Sua estimativa é baseada em informações obtidas de fontes
confidenciais em torno das corporações, Belkovsky afirma. Mas ele não
está disposto a revelar mais do que isso.
A Gazprom é a maior extratora de gás no mundo e o governo russo a
controla com uma participação de 50,002 %. Apesar de repetir amplamente
as denúncias, Belkovsky nunca enfrentou ação judicial contestando-as.
Por toda a Rússia nos deparamos com outros repórteres que tentaram investigar Putin no passado.
No interior, perto de São Petersburgo, nos encontramos com Marina Salye.

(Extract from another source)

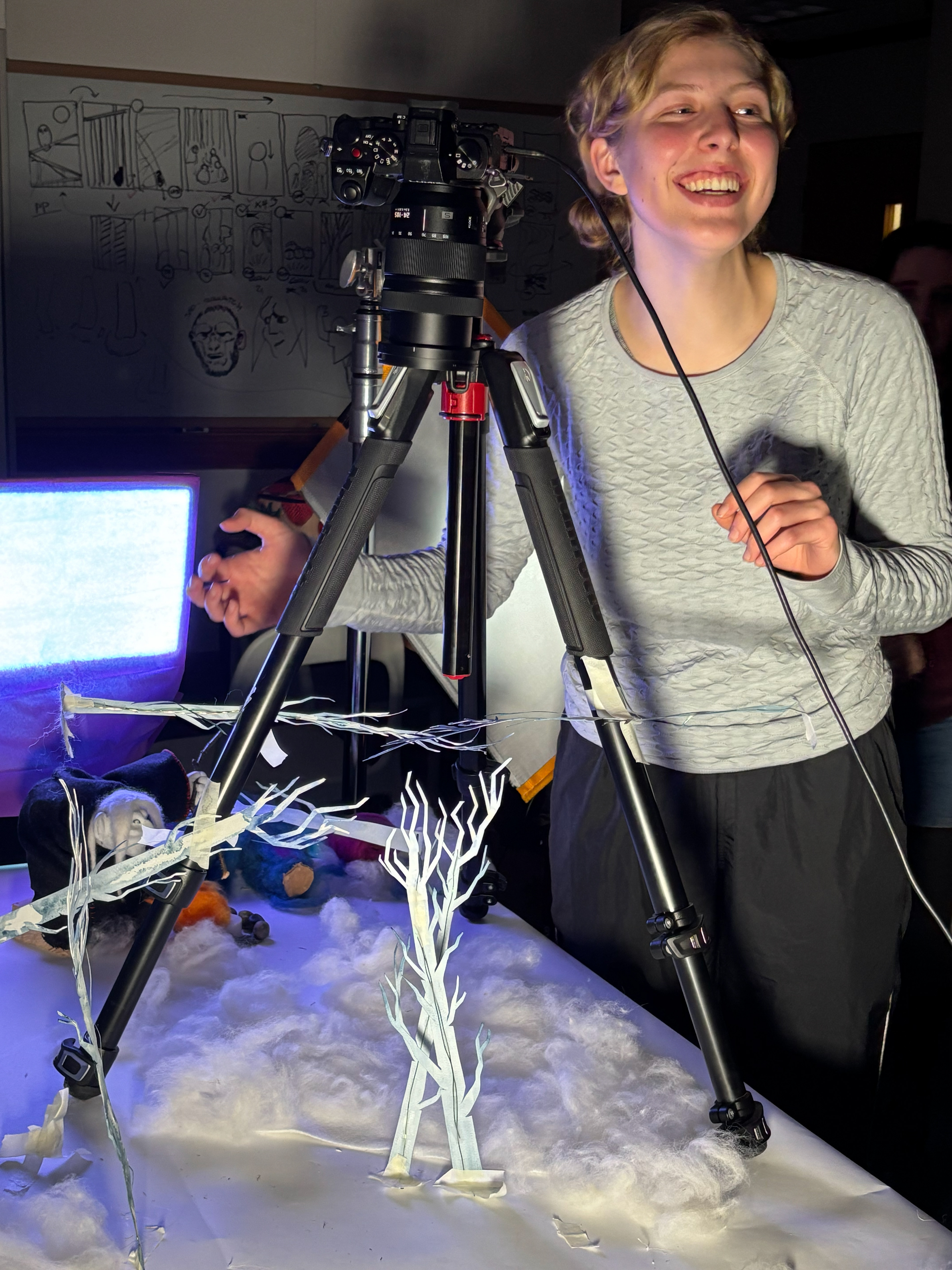 As a group of five, each one of us participated in each roll of the animation process from moving the characters to art directing our film shots.

Em 1992, Salye investigou um acordo que envolveu 100 milhões de
dólares na troca de matérias-primas por comida. De acordo com Salye,
Putin supervisionou o acordo, mas enquanto as matérias-primas foram
enviadas, o alimento prometido nunca chegou. Sua acusação, sustentada
até sua morte recente, foi a de que Putin se beneficiou deste negócio
incompleto. O Kremlin afirma que Putin nunca assinou o papel que o
autorizava, embora Salye tenha dito que possuía documentos contendo a
assinatura do presidente.
De volta a São Petersburgo, o tenente-coronel Andrei Zykov, um antigo
investigador sênior do Ministério do Interior russo, descreveu seu
trabalho como um olhar para o passado de Putin.
Em junho de 1999, quando Putin foi eleito para seu primeiro mandato
presidencial, Zykov foi encarregado do processo criminal número 144 128.
O caso envolveu uma empresa de construção chamada Twentieth Trust,
suspeita de ter tirado dinheiro do orçamento de São Petersburgo no
início de 1990. Zykov afirma que Putin teria sido beneficiado com uma
vila espanhola no negócio.
A investigação foi encerrada em razão de “prova insuficiente” e, de acordo com Zykov, ele foi demitido um ano e meio depois.
Pedimos ao Kremlin para responder as reclamações do deputado Zykov, sem sucesso.
Nos primeiros dias de seu primeiro mandato como presidente, Putin prometeu livrar a Rússia de suas oligarquias corruptas.